The best way to counter such propaganda is with persistent, persuasive action. And though Beijing won’t acknowledge it, the U.S. effort to integrate China more closely with Asia’s security network has yielded some significant successes in that realm. China has sent warships to the Gulf of Aden to aid in international anti-piracy efforts since 2008. This was remarkable, because since the 1949 establishment of Communist China, its military has never strayed far from the mainland (though it fought a number of wars around its borders). Similarly, U.S. and Chinese officials have made important and substantive progress on measures to reduce the risk of miscalculation when our forces operate in close proximity at sea or in the air, part of a broader military-to-military engagement effort. In 2015, during my time as Secretary, we reached an agreement with China on safety in air-to-air engagements involving our forces. Similarly, after years of resistance, China in 2014 joined the Code for Unplanned Encounters at Sea agreement, to prevent potential maritime accidents. These are significant changes from what had been a more isolationist stance that left China out of most military-to-military contacts until recent years. Today, Chinese forces even participate in the region’s biggest multilateral military exercise, the annual Rim of the Pacific Exercise, or RIMPAC, hosted by the United States and based at Pearl Harbor. I remember the longstanding reluctance of the PLA Navy to join RIMPAC, and it did not do so until 2014.
I continued to invite China to RIMPAC during my time as Secretary, despite significant pressure from members of Congress such as John McCain to disinvite them. That was exactly the wrong thing to do. It was contrary to the inclusive approach to Asia strategy I advocated. International agreements and military exercises are important to build fundamental understanding between our militaries that helps avoid miscalculation in time of crisis. And the more we can bring China into the international fold, the less likely the Chinese are to engage in go-it-alone behavior.
More pointedly, if China was to be excluded from military affairs in the region, it should be their doing, not America’s. Self-isolation by China itself has been, in fact, a steadily growing tendency.
China’s Self-Isolation
There is no question that the principled, inclusive security network in the Asia-Pacific would be stronger if China participated. So would China. After all, no nation has benefitted more from its peace dividend. And that is why I spent decades, long before Chinese media portrayed me as a Cold War holdover, seeking to strengthen the U.S.-China security relationship.

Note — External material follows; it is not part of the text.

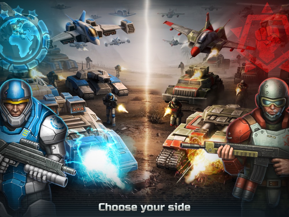 The action takes place in the near future. The world is engulfed by a global conflict between two warring factions - the Confederation and the Resistance. Choose your side and fight shoulder to shoulder with other commanders to win in this World War. Take the side of the Confederation and protect the world from the red alert. Join the rebels and crush the global domination system.

But policy needs to be based on what the Chinese do think, not what they should think. As I’ve said, China exhibits two tendencies in its international behavior: One is productive and engaging, participating in and strengthening multilateral institutions. The second and growing strain is bullying and rule-breaking, coercive and domineering. Just as there are two strains in China’s behavior, I have come to believe that there need to be two branches of our policy toward China. When China engages productively with the international community, we should seek to encourage and reinforce this tendency. But when China behaves inappropriately on the international stage, the United States must firmly push back and stand up for the principles of international order. At times, U.S. policy has not pushed back as firmly as necessary to discourage China’s growing strain of bullying behavior.
Maritime and cyber activities are two forms of Chinese aggression that cause concern in the states of the Pacific network, which deepens China’s self-isolation. China’s actions in the South China Sea are a direct challenge to peace and stability in the Pacific. Unjustified claims in the Spratlys and Paracels are bad enough, but efforts to make these claims a fait accompli by artificially enlarging reefs and atolls, building airstrips and fortifications and installing radar and other military systems are a direct challenge to international norms. As I said repeatedly during my time as Secretary and as the State Department and White House repeated as well, the United States took no position on the substance of these claims, nor on the other, equally expansive claims that other Asian nations have made in the South and East China seas. We are not for or against any particular claim; what we oppose is the attempt to resolve these claims by figuratively, and sometimes literally, bulldozing through international law, taking unilateral action, and threatening to resolve claims by force.
The so-called “Nine-Dash Line” exemplifies China’s expansive and coercive territorial claims. China has regularly published maps containing a nine-dashed line encompassing all of the South China Sea as evidence of its “indisputable sovereignty” over the waters and islands of the area.3 There is no plausible legal or historical basis for such a claim, but China persists in making it—hoping that it can bully its neighbors into accepting it and convince the United States not to care. There’s a children’s book called “Harold and the Purple Crayon,” in which a four-year-old can reshape the world exactly as he wants it by simply drawing with his purple Crayon. The Nine-Dash Line is just like Harold’s make-believe.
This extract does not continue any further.